▶ WHAT TO WORK ON: Starting with the line below that holds "We spent three" and stopping after the line that holds "Schweizer Maschinenmarkt. Fachzeit-Schrift", transcribe the lines exactly, leaving out all pictures.

▶ EXERCISE INPUT:
+++

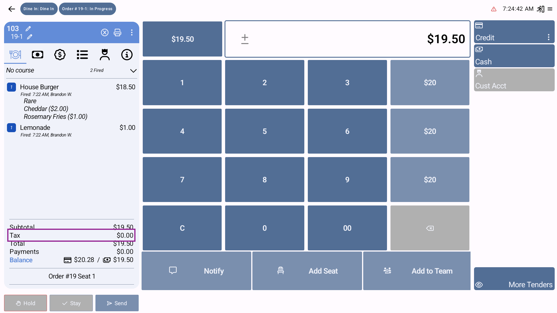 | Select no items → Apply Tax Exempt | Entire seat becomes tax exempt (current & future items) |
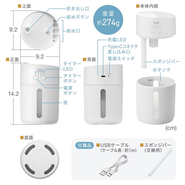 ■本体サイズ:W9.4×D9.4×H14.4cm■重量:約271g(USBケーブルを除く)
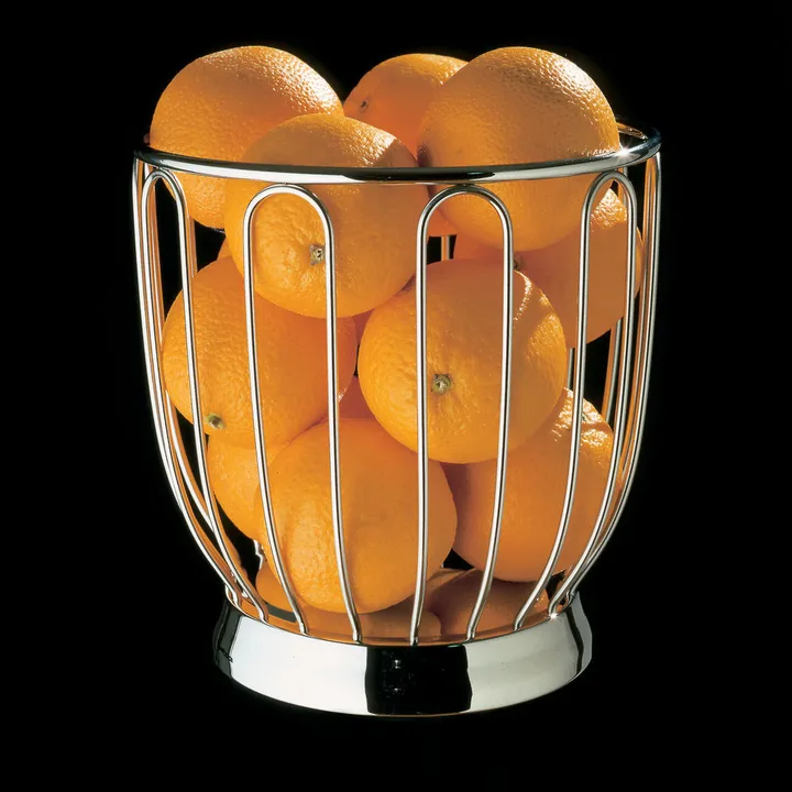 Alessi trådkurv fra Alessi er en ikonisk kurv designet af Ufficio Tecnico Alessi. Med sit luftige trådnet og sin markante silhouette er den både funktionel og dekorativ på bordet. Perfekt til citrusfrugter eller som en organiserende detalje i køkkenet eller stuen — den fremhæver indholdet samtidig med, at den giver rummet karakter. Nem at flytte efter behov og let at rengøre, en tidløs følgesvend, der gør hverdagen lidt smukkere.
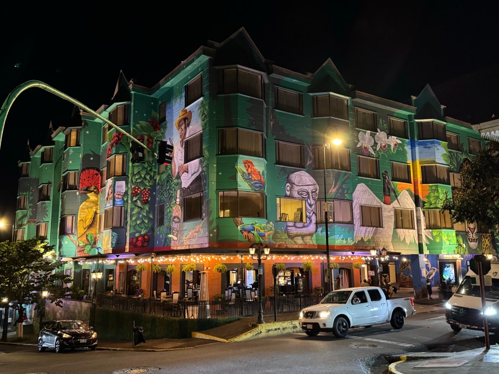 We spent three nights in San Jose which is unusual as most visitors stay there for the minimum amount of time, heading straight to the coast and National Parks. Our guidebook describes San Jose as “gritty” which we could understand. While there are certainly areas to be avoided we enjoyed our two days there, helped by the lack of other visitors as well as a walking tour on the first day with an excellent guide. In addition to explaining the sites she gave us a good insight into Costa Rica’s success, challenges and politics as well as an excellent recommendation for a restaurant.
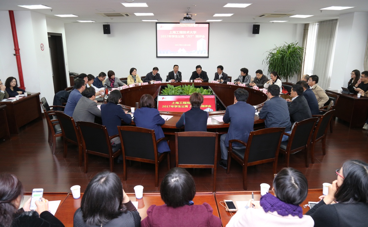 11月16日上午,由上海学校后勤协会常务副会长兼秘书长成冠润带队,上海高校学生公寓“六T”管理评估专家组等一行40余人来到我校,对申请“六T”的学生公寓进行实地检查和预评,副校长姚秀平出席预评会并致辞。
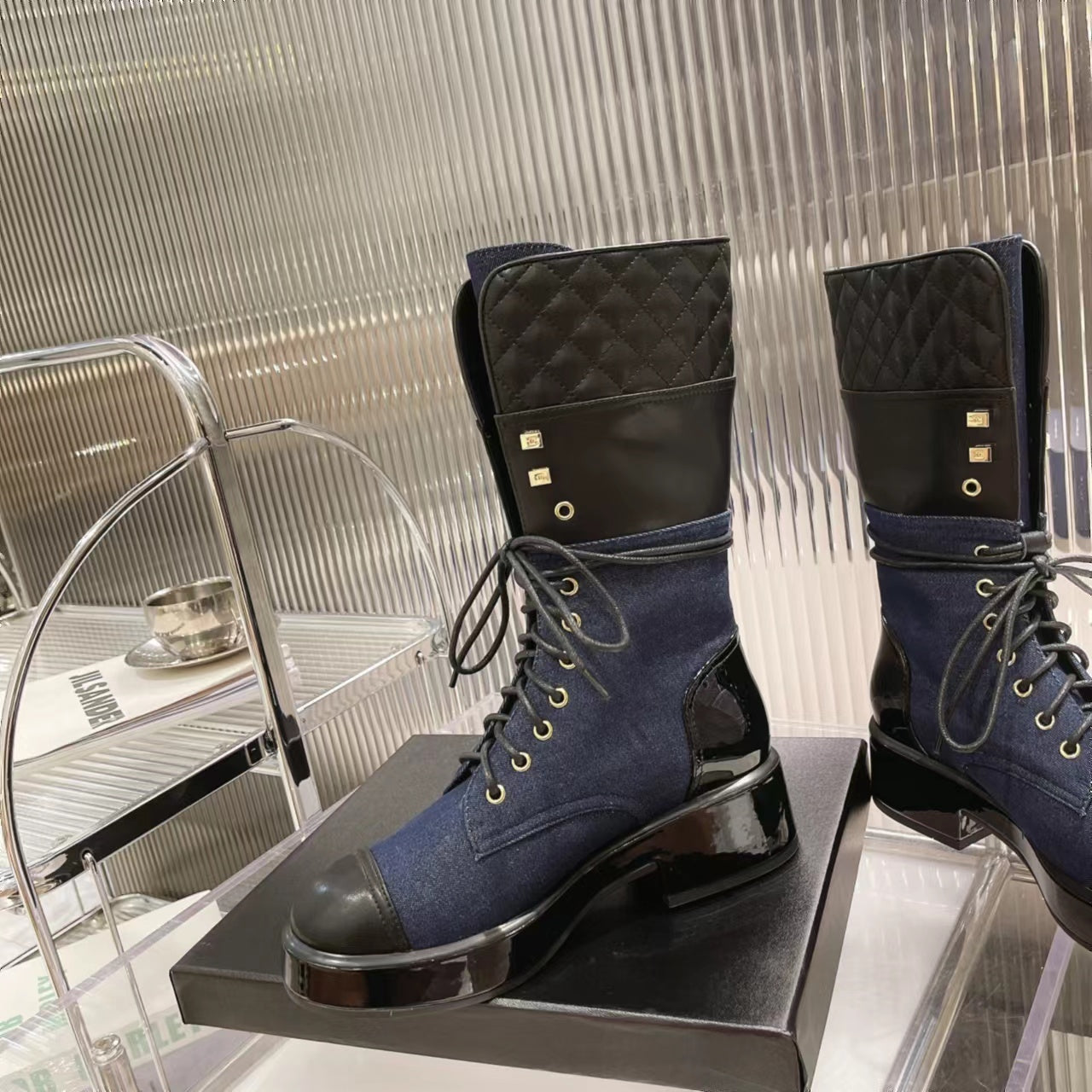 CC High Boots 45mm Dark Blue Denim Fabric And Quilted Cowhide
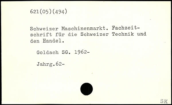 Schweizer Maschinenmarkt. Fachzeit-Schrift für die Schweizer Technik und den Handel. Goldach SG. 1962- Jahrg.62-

+++

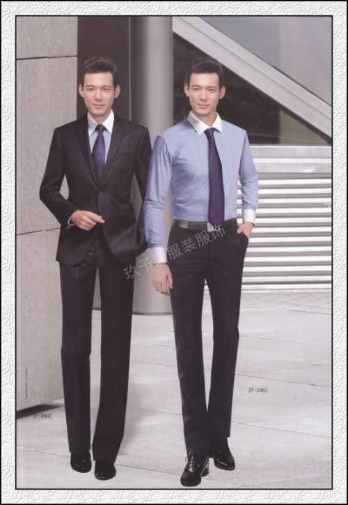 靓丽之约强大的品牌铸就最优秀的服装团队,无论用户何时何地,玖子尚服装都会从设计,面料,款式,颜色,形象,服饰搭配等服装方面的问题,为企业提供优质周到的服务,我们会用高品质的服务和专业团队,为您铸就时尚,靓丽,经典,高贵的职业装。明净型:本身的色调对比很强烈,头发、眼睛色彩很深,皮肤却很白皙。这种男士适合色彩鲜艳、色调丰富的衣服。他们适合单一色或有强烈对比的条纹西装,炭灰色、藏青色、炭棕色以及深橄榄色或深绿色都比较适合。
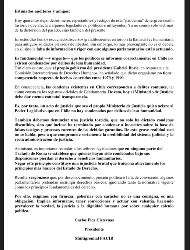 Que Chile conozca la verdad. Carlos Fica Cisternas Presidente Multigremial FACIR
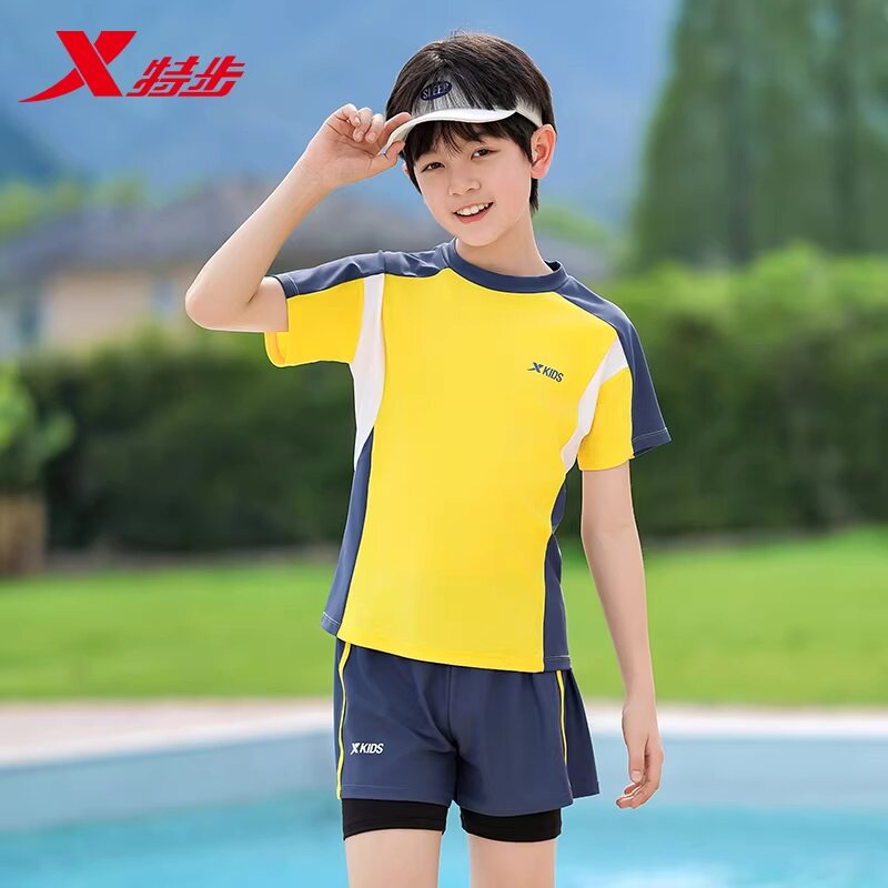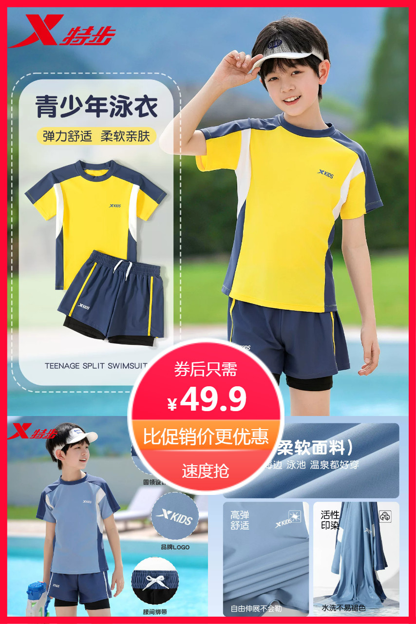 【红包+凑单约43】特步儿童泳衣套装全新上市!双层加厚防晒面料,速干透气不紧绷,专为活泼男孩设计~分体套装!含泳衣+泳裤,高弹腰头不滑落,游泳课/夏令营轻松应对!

+++

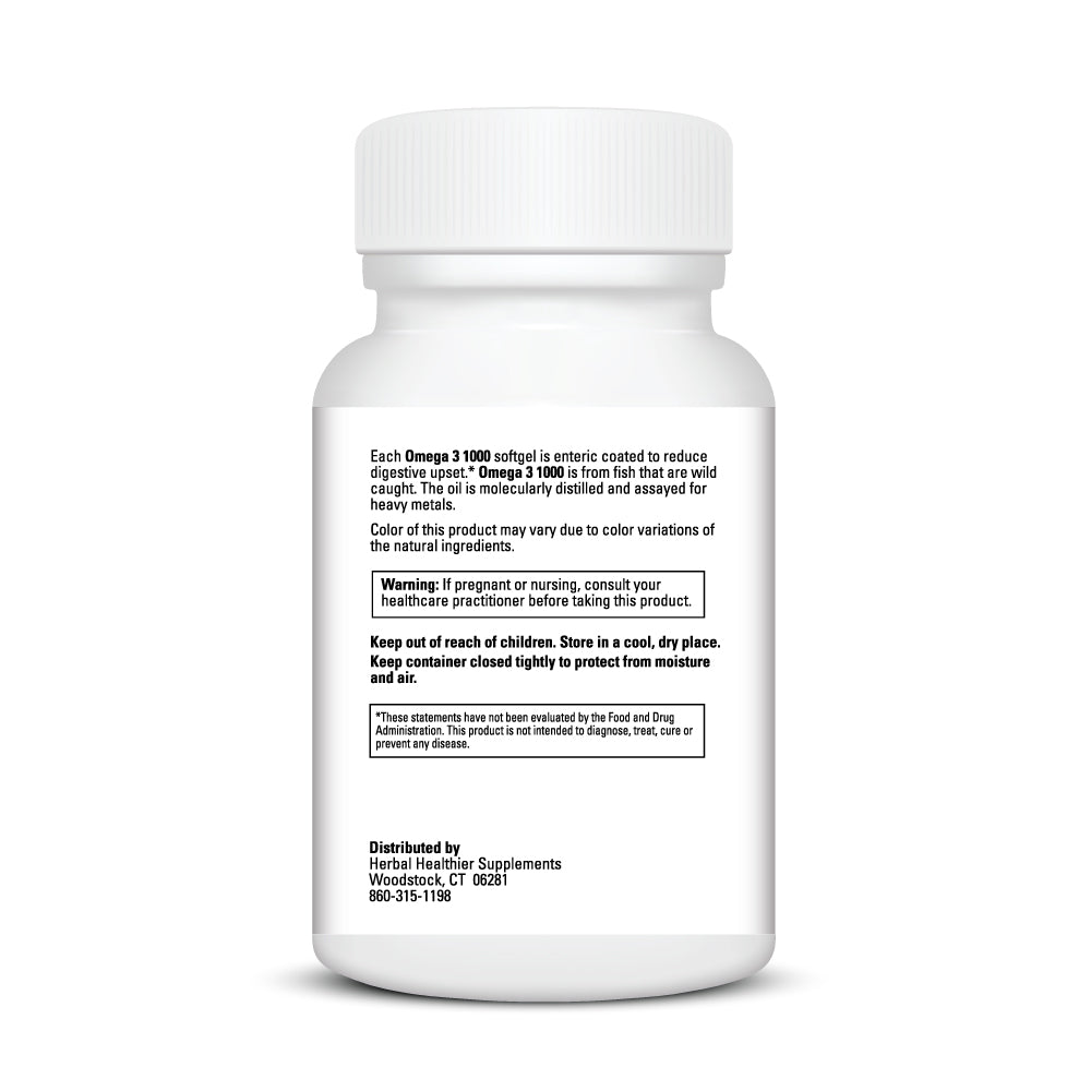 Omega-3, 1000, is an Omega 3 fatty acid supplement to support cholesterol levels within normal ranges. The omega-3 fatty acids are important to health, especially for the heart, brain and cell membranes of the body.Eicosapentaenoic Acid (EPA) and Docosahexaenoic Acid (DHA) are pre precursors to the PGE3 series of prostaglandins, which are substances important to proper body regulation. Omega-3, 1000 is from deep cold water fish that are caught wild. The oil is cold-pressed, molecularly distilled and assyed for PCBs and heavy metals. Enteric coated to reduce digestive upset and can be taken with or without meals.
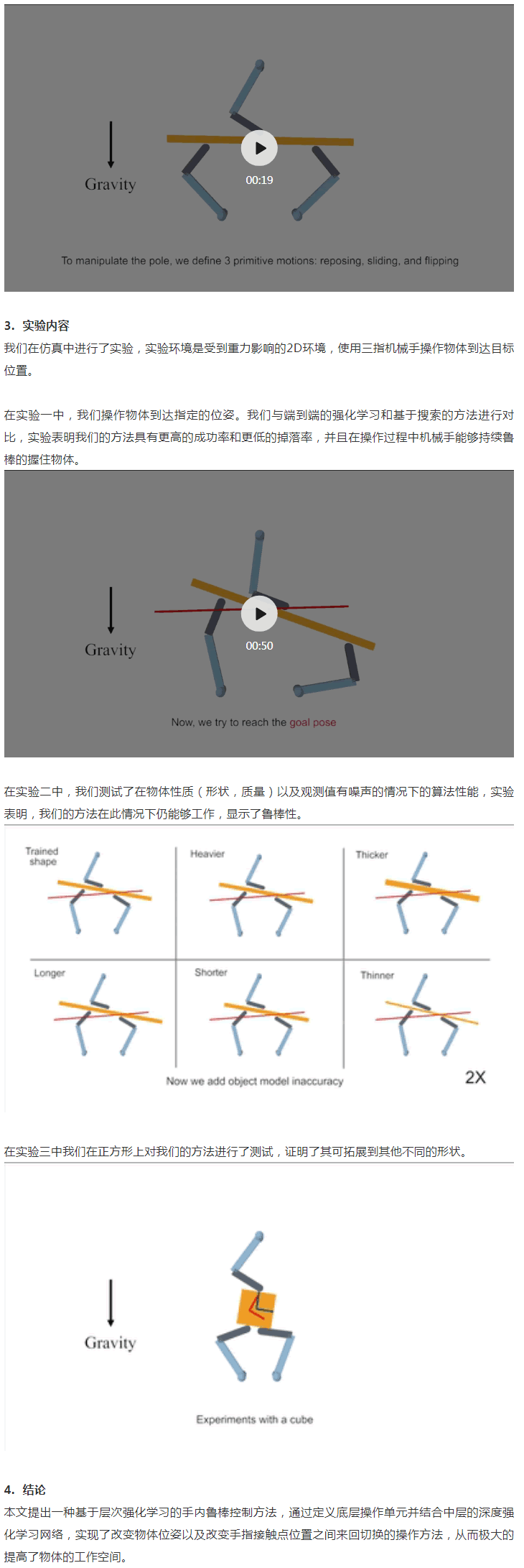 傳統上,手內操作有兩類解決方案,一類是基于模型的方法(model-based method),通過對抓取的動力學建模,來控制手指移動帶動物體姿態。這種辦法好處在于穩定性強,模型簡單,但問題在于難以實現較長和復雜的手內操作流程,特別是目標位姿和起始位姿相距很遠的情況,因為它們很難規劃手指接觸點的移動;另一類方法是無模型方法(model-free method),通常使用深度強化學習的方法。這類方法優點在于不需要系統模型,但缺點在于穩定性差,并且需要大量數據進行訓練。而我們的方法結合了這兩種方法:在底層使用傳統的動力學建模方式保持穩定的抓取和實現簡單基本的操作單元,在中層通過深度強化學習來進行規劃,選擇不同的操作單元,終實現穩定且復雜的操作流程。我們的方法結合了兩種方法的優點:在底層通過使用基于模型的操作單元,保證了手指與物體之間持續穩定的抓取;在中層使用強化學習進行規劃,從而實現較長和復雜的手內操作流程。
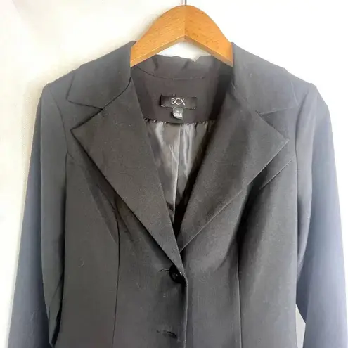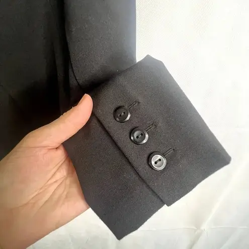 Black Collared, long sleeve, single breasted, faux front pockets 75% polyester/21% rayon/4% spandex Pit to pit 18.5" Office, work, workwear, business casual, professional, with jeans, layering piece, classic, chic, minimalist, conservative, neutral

+++

▶ TASK ANSWER:
 We spent three nights in San Jose which is unusual as most visitors stay there for the minimum amount of time, heading straight to the coast and National Parks. Our guidebook describes San Jose as “gritty” which we could understand. While there are certainly areas to be avoided we enjoyed our two days there, helped by the lack of other visitors as well as a walking tour on the first day with an excellent guide. In addition to explaining the sites she gave us a good insight into Costa Rica’s success, challenges and politics as well as an excellent recommendation for a restaurant.
 11月16日上午,由上海学校后勤协会常务副会长兼秘书长成冠润带队,上海高校学生公寓“六T”管理评估专家组等一行40余人来到我校,对申请“六T”的学生公寓进行实地检查和预评,副校长姚秀平出席预评会并致辞。
 CC High Boots 45mm Dark Blue Denim Fabric And Quilted Cowhide
 Schweizer Maschinenmarkt. Fachzeit-Schrift für die Schweizer Technik und den Handel. Goldach SG. 1962- Jahrg.62-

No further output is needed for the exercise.